Founded in 2016, ElasticRun acts as the last-mile arm for FMCG giants, helping brands reach kirana stores in India’s hinterlands—a segment largely untouched by formal supply chains.

  • The startup procures products from FMCG brands and sells them to small retailers.
  • It also offers logistics, warehousing, and distribution tech solutions, creating a full-stack B2B ecosystem.

ElasticRun’s cofounder Sandeep Deshmukh described FY25 as the “best financial year yet”, noting a strategic shift toward local brands and higher-margin categories.

Can India’s $850B kirana economy be digitized profitably?
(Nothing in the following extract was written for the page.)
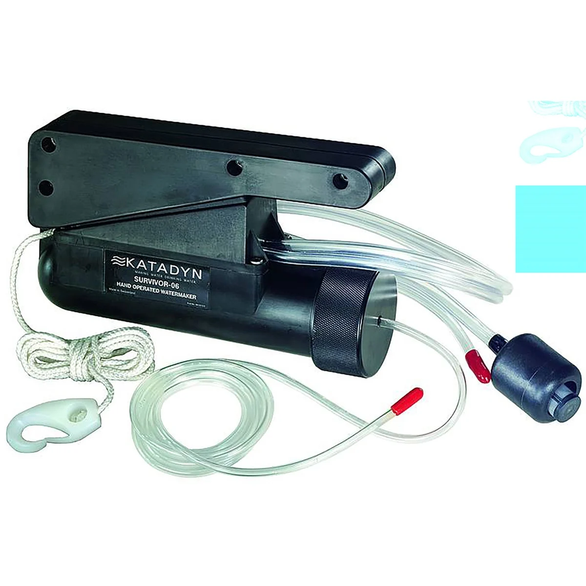 Katadyn Survivor 06 LS is de kleinste draagbare ontziltingsunit ter wereld en zet zout water om in drinkbaar zoet water. Dankzij zijn compacte ontwerp en efficiënte werking wordt deze ontzilter wereldwijd gebruikt als essentieel onderdeel van overlevingspakketten op zee en in noodsituaties. Dit duurzame apparaat is ontworpen voor gebruik door 1 tot 6 personen en biedt een betrouwbare oplossing voor het verkrijgen van veilig drinkwater, zelfs in de meest extreme omstandigheden.
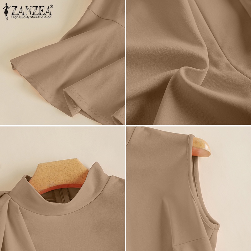 Giới thiệu Zanzea Áo Kiểu Không Tay Cổ Đứng Phối Bèo Và Khóa Kéo Sau Thời Trang Cho Nữ

ElasticRun is betting on it—with discipline.


Inside the Numbers: Cost Controls Deliver Results

While revenue inched upward, ElasticRun’s biggest gains came from operational efficiency:

  • Employee expenses fell 17% to INR 207.6 Cr, reflecting tighter hiring and streamlined ops.
  • Purchases of stock-in-trade, its largest cost line, grew modestly by 5% to INR 2,117.7 Cr.
  • Freight and handling costs increased 5% YoY to INR 457.1 Cr, in line with rural expansion.

Total expenditure held steady at INR 2,910.9 Cr, despite revenue growth, allowing margins to improve visibly.

Is ElasticRun becoming a leaner, smarter distribution engine for rural India? The early signals say yes.


Profit Later, Growth Now

Despite improvements, EBITDA profitability remains a future goal, not a current achievement. ElasticRun is still prioritizing growth, particularly in underserved Tier 3–4 markets.

  • Deshmukh emphasized that past growth focused on GMV, often with lower margins. FY25 marked a pivot to quality growth.
  • Higher-margin sales from local and regional brands now contribute more meaningfully to revenue.

The company’s balanced approach—growth without burning cash recklessly—has started to reflect in investor confidence and ecosystem traction.

But can the company sustain this balance as competition intensifies in rural commerce?


TL;DR:

ElasticRun trimmed FY25 net losses by 60% to INR 145.1 Cr and boosted revenue to INR 2,653 Cr, thanks to tighter cost controls and a shift to higher-margin local brands. While not yet EBITDA profitable, the rural B2B leader is on firmer financial ground as it continues scaling across India’s kirana networks.